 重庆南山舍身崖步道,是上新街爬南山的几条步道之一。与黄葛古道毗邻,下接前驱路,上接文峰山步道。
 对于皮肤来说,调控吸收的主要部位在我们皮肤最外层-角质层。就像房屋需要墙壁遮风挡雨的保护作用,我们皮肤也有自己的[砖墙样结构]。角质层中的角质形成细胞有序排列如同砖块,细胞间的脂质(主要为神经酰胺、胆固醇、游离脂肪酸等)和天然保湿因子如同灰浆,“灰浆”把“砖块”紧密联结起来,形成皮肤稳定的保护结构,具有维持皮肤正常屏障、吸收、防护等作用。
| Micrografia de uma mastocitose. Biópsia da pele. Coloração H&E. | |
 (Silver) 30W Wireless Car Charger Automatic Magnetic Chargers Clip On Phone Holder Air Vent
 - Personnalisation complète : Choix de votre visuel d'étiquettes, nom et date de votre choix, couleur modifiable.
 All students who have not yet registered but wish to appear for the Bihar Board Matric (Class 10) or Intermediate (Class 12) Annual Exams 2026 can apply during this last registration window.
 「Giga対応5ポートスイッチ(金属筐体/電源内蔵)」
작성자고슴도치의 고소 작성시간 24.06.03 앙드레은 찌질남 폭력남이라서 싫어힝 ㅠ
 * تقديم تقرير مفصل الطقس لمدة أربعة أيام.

--------------------------------------------------

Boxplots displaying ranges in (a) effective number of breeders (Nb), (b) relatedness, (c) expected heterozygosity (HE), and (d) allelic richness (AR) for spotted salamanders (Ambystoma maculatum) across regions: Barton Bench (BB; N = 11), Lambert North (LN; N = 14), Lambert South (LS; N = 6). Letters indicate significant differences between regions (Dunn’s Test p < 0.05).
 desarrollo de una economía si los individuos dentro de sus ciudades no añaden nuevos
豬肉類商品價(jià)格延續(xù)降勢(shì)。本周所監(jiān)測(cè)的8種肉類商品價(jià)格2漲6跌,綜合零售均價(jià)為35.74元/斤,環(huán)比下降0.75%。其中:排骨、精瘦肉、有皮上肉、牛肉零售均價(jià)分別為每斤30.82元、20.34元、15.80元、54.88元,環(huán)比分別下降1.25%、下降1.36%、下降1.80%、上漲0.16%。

--------------------------------------------------

**Instructions for the task:**
Go back to the listing above. Copy word for word the lines from the one with "desarrollo de una" through the one with "豬肉類商品價(jià)格延續", and nothing more.

**The answer:**
 desarrollo de una economía si los individuos dentro de sus ciudades no añaden nuevos
豬肉類商品價(jià)格延續(xù)降勢(shì)。本周所監(jiān)測(cè)的8種肉類商品價(jià)格2漲6跌,綜合零售均價(jià)為35.74元/斤,環(huán)比下降0.75%。其中:排骨、精瘦肉、有皮上肉、牛肉零售均價(jià)分別為每斤30.82元、20.34元、15.80元、54.88元,環(huán)比分別下降1.25%、下降1.36%、下降1.80%、上漲0.16%。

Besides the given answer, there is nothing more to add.